Ciò dimostra che anche un piccolo paese di 43 milioni di persone (censimento 2021) può fermare l’esercito di un paese grande il triplo,145 milioni di persone, e persino metterlo in difficoltà in combattimenti con armi convenzionali.

E se c’è riuscita l’Ucraina con questa popolazione e questi armamenti, che senso ha tremare come foglie di fronte all’ipotesi di un conflitto armato con Vladimir Putin. Gli 85 milioni di tedeschi, i 35 milioni di polacchi, più tutti gli altri, non avrebbero forse la massa d’urto e gli strumenti per contrapporsi? E quando mai la Russia disporrebbe di uomini a sufficienza da dispiegare su un fronte che andrebbe oltre la celebre cortina di ferro, da Stettino al Mar Nero questa volta, un fronte di quasi duemila chilometri? Con quali forze se riesce appena a reggere su alcune centinaia di chilometri a ridosso dell’Ucraina?

Il ruolo della Nato

Lo scopo politico-ideologico di questa narrazione terrorizzante sulla debolezza europea è evidente: stringere i bulloni dell’alleanza atlantica e, come effetto collaterale, vanificare l’ipotesi di una difesa comune europea con un buon grado di autonomia strategica.

Ovviamente la Nato è il cardine della difesa del nostro continente, ed è vergognoso che solo pochissimi paesi abbiamo ottemperato all’accordo di destinare il 2 per cento del Pil alla difesa (detto en passant, per ironia della sorte è stato proprio il governo presieduto da Giuseppe Conte ad avviare questo percorso con il primo, forte incremento della spesa militare dopo molti decenni di decrescita).

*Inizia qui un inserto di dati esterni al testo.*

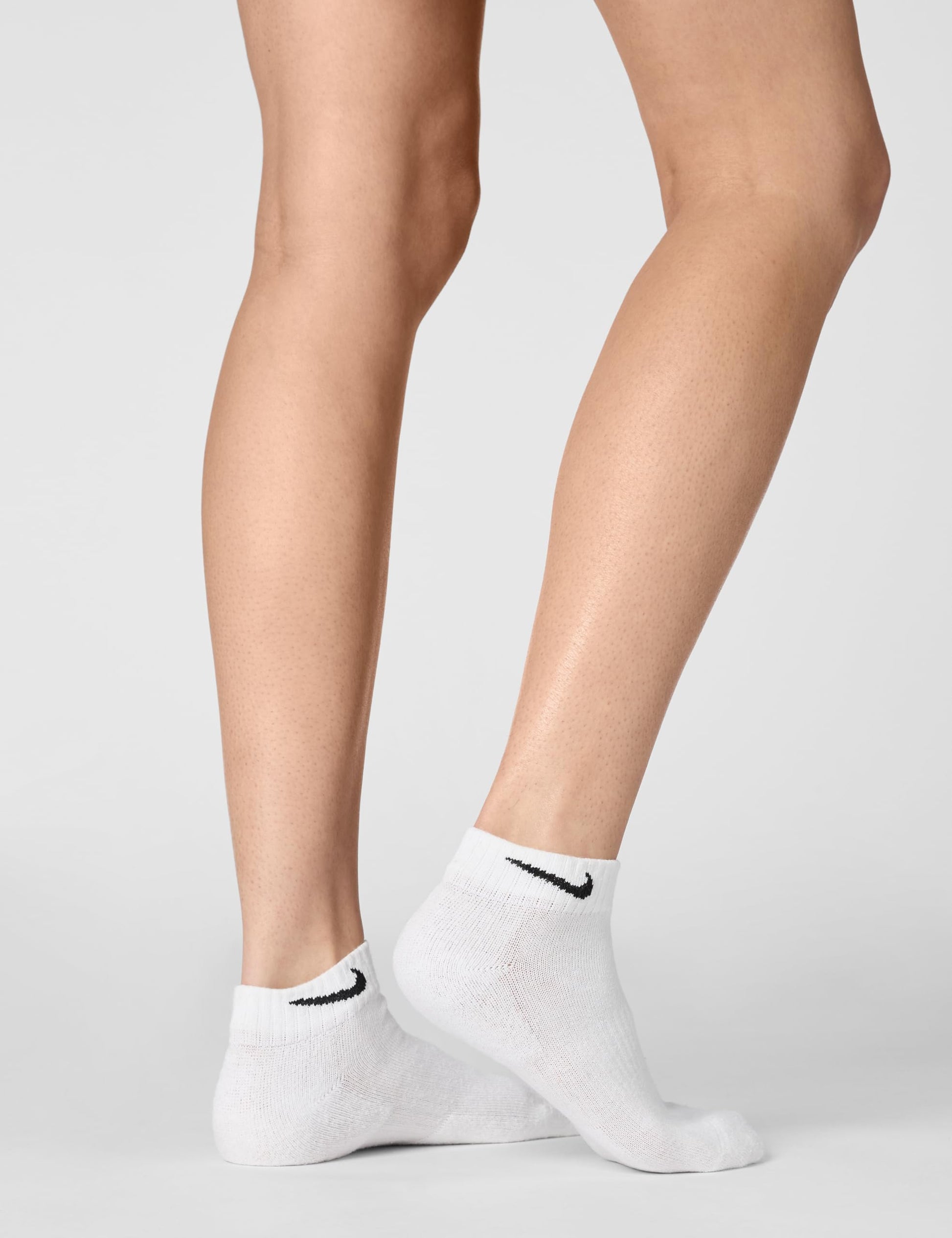 Nike Unisex Everyday Cushioned Training Low Socks (3 Pairs), White/Black, Small
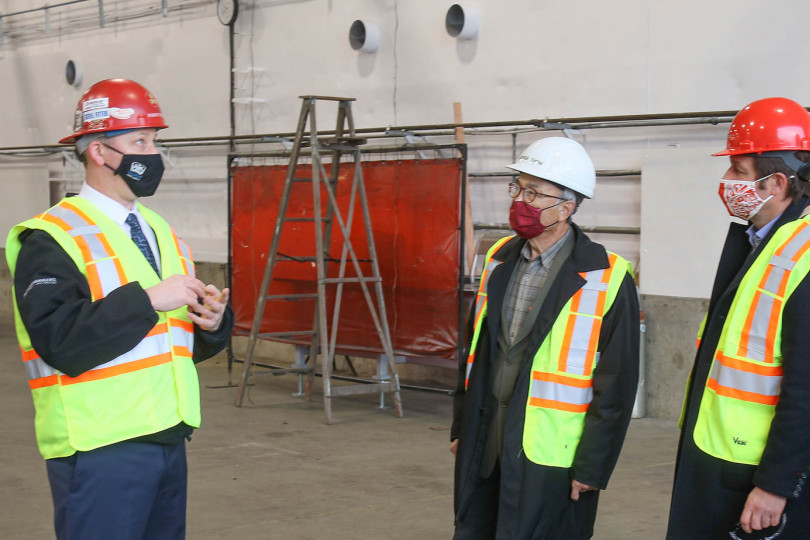 Rob Taylor, gerente de negocios/secretario-tesorero del L-191, dirigió la visita para el honorable George Chow, ministro de Estado de Comercio; el honorable Rob Fleming, ministro de Transporte e Infraestructura; y Andrew Mercier, secretario Parlamentario de Capacitación Profesional, junto con representantes de los Oficios Metalúrgicos de la Isla de Vancouver (Vancouver Island Metal Trades).
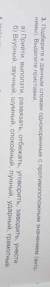 ПОМОГИте с русским 1.Стр.148. Упр.3. Работаем с буквой а).Задание: к данным словам подобрать однокоренные антонимы, выделить приставки (слова записывать парами) ПО ЭТОМУ ЗАДАНИЮ СДЕЛАЙТЕ УПР
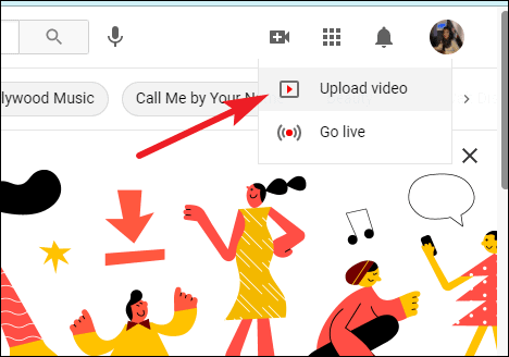 Go to youtube.com and click the ‘Create’ button towards the top-right of the screen.

Ma l’alleanza rimane sbilenca se la gamba europea, a causa dell’enfatizzazione del pericolo russo, non cresce bensì si dissangua per acquistare in tutta fretta i sistemi d’arma laddove sono disponibili. E inevitabilmente la maggior parte viene dagli Stati Uniti, l’unica nazione in grado di provvedere in tempi rapidi all’ammodernamento dei nostri eserciti. Gli errori, la vista corta, le gelosie nazionali di decenni hanno impedito di creare una industria degli armamenti su scala continentale – e siamo ancora ben lontani da questo obiettivo visti i consorzi sghembi che si costituiscono anche con paesi extra Ue. Benché l’autonomia dell’industria bellica europea non potesse piacere oltre oceano, la responsabilità di quanto accaduto ricade tutta su leadership nazionali inette e sprovvedute.

E si dimostrano tali una volta di più perché non si attivano nemmeno sul versante della pace. Non una voce, un gesto, una iniziativa per arrestare la mattanza sulla faglia del Donbass. Succubi dell’altra narrazione tossica – che la fine di un conflitto implichi sic et simpliciter il riconoscimento dello status quo – ogni ipotesi di trattativa è bollata come un tradimento, una nuova Monaco. Invece i negoziati servono proprio per sedare e sanare le ferite tra i popoli. L’unica altra alternativa è la resa senza condizioni di una delle due parti: il vae victis al nemico sconfitto e ridotto in catene. Chi pensa a questo esito del conflitto russo-ucraino merita il titolo di dottor Stranamore.